Qualified Retirement Plan
A plan established by an employer for the benefit of the employees that meets the requirements of the IRS, and as a result is eligible to receive certain tax benefits.
Required Minimum Distribution
Minimum amounts that an owner of a Traditional, SEP, or SIMPLE IRA or qualified plan participants must begin withdrawing annually from their retirement accounts by April 1 after the year they reach age 70.5.
RIA (Registered Investment Adviser)
An RIA is an Investment Adviser who is registered with the Securities and Exchange Commission (SEC). RIAs exercise their fiduciary duty by providing guidance on investing in securities such as stocks, bonds, mutual funds, or exchange traded funds or other SEC-registered investments for their clients. They are generally paid a percentage of the value of the assets under management at the firm.
Rollover
The process of transferring the holdings of one retirement plan to another without suffering tax consequences.

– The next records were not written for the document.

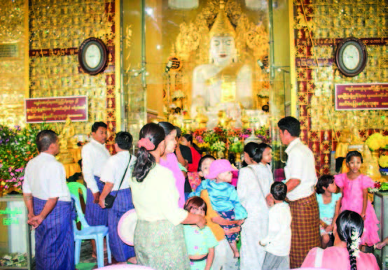 At the Mahamuni Buddha Image, the sacred image was displayed to devotees via an LED board, allowing pilgrims to offer homage with flowers and offerings. Religious ceremonies also took place at other prominent religious sites, including Sutaungpyae Pagoda on Mandalay Hill and Maha Thakyamarazein Pagoda near the foot of the hill.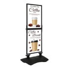 Create an eye-catching display with this MT Displays WindPro Slim 2 Tier 22" x 28" black sign board with black water base! This unique sign board features a 2- tiered frame design with heavy-duty coil springs and a water base that provide stability in outdoor conditions. The 2 frames each hold (2) 22" x 28" signs for the ability to hold a total of 4 signs, making it ideal for showcasing your promotions and events. The included clear plastic covers also keep your signs protected from the elements, ensuring that your advertising remains intact. Crafted from HDPE plastic, the black water base keeps this sign board firmly in place when filled with water, making it a wind-resistant solution for outdoor advertising at markets, grocery stores, hotels, and retail centers.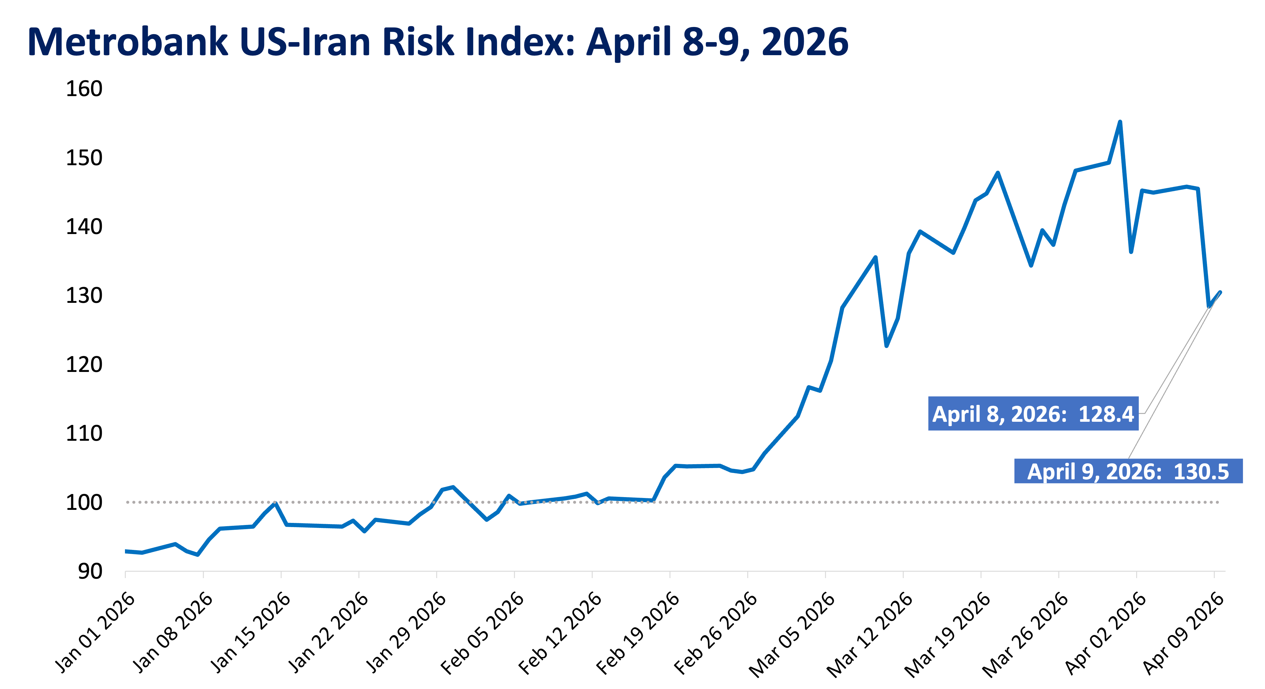 Metrobank’s US-Iran Risk Index settled at 128.4 on April 8 and 130.5 on April 9, easing almost to its lowest levels in nearly a month.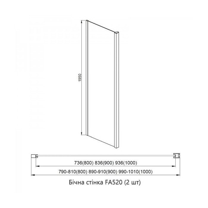Количество створок двери: 1 раздвижная, с глухой стенкой.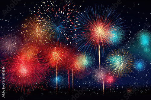 Naklejka premium Night of celebration with beautiful colorful fireworks, night sky of...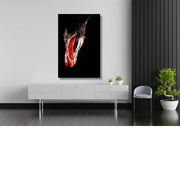 Close-up van een rode paprika die in water valt, met dynamische spetters tegen zwarte achtergrond.

There are two types of rollovers, direct and 60-day. In a direct rollover, assets are transferred directly between one retirement account to another. In a 60-day rollover, the assets are made payable to the account holder, and must be deposited into the receiving retirement account within 60 days to avoid tax penalties.
Self-Employed Retirement Plans
There are several types of retirement plans that can be established by a self-employed individual. They include, but are not limited to, SEP IRAs, SIMPLE 401(k)’s, or self-employed 401(k)’s.
Simplified Employee Pension Plan (SEP)
A retirement plan that can be establish by an employer or self-employed individuals. An employer makes contributions to each eligible employee’s SEP IRA and are allowed a tax deduction for contributions made to the plan.
Single-Life Annuity
An annuity that only provides payments to one person. Payments cease when the annuitant dies, and there are no rights of payment to any survivor.
Tax-Deferred
Investment earnings that accumulate tax-free until they are withdrawn. This includes earnings from interest, dividends, and capital gains.
Tax-Exempt Bonds
The interest from bonds issued by states, cities, or other government agencies may exempt from federal income taxes under certain circumstances. The interest from these bonds may also be exempt from state and local income taxes in many states as well. Some interest may be subject to federal alternative minimum tax. Capital gains taxes may be incurred if a tax-exempt bond is sold at profit.
Taxable Income
The amount of income that is used to calculate income tax due. It is determined by subtracting any deductions, exemptions, or other adjustments from gross income.
Traditional Individual Retirement Account (IRA)
A plan that individuals may establish to save for retirement. If a taxpayer meets certain requirements, contributions are deductible from earned income in the calculation of federal and state income taxes. Earnings accumulate tax-deferred, and withdrawals are taxed as ordinary income. If a taxpayer’s income exceeds a specified amount, only nondeductible contributions may be made.
Zero-Coupon Bond
A bond that does not pay a periodic interest payment, but trades a deep discount. Profits are earned at maturity when the bond is redeemed for its full face value. Even though the investor does not receive any income payments, interest income is subject to ordinary income tax each year.